▶ WHAT IS REQUIRED
Below are the entries to work from; restate word for word the portion that opens with the line containing "走进上饶市广信区五府山镇中华" and closes with the line containing "Camisa manga longa, decote", keeping both.

▶ RECORDS SHOWN

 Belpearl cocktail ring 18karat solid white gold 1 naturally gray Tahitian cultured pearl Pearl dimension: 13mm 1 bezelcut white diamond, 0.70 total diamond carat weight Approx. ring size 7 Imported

* * *

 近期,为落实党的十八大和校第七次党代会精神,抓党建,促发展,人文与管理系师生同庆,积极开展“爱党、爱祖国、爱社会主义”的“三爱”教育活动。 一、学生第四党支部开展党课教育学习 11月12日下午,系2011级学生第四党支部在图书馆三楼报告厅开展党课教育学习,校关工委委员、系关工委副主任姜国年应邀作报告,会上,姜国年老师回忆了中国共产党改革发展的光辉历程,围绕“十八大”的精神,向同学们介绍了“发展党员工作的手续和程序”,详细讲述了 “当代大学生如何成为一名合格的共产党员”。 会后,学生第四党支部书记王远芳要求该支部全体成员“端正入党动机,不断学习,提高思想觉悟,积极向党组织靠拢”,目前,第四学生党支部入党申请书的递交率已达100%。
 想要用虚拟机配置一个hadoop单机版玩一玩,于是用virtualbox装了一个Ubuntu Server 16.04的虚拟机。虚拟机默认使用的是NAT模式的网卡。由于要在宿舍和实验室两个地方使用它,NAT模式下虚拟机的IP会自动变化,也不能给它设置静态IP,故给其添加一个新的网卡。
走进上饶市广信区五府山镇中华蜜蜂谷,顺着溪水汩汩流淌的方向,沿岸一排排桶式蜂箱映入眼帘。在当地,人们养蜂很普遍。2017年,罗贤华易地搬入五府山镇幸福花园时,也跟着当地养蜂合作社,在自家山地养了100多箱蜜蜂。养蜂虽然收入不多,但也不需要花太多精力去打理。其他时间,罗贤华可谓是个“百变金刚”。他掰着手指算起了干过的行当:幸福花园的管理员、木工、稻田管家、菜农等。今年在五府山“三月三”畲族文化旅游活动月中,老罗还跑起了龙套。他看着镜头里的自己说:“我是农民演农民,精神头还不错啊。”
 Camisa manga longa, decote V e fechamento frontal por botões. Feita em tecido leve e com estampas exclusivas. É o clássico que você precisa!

...

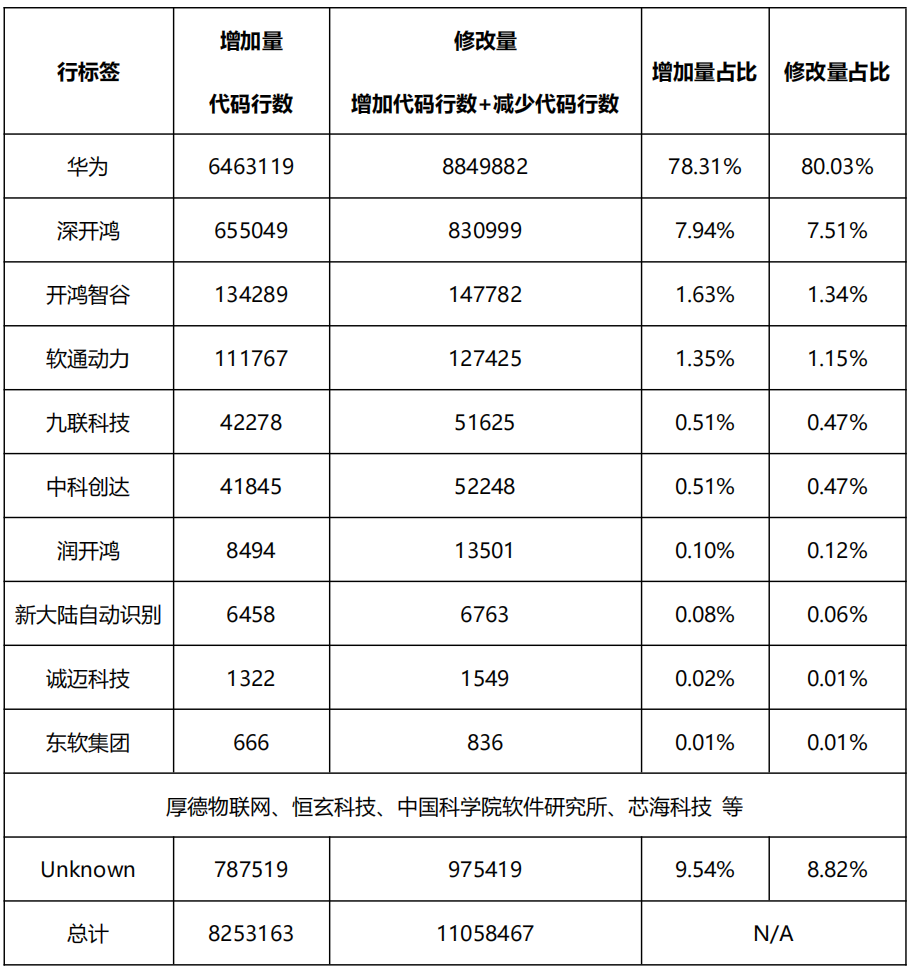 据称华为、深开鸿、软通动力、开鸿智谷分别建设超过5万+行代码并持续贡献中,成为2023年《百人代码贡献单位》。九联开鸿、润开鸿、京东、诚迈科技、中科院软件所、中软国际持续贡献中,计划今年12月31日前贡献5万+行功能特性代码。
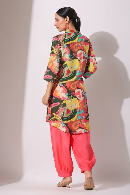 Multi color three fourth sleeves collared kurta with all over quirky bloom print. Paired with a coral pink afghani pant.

▶ SOLUTION BELOW
走进上饶市广信区五府山镇中华蜜蜂谷,顺着溪水汩汩流淌的方向,沿岸一排排桶式蜂箱映入眼帘。在当地,人们养蜂很普遍。2017年,罗贤华易地搬入五府山镇幸福花园时,也跟着当地养蜂合作社,在自家山地养了100多箱蜜蜂。养蜂虽然收入不多,但也不需要花太多精力去打理。其他时间,罗贤华可谓是个“百变金刚”。他掰着手指算起了干过的行当:幸福花园的管理员、木工、稻田管家、菜农等。今年在五府山“三月三”畲族文化旅游活动月中,老罗还跑起了龙套。他看着镜头里的自己说:“我是农民演农民,精神头还不错啊。”
 Camisa manga longa, decote V e fechamento frontal por botões. Feita em tecido leve e com estampas exclusivas. É o clássico que você precisa!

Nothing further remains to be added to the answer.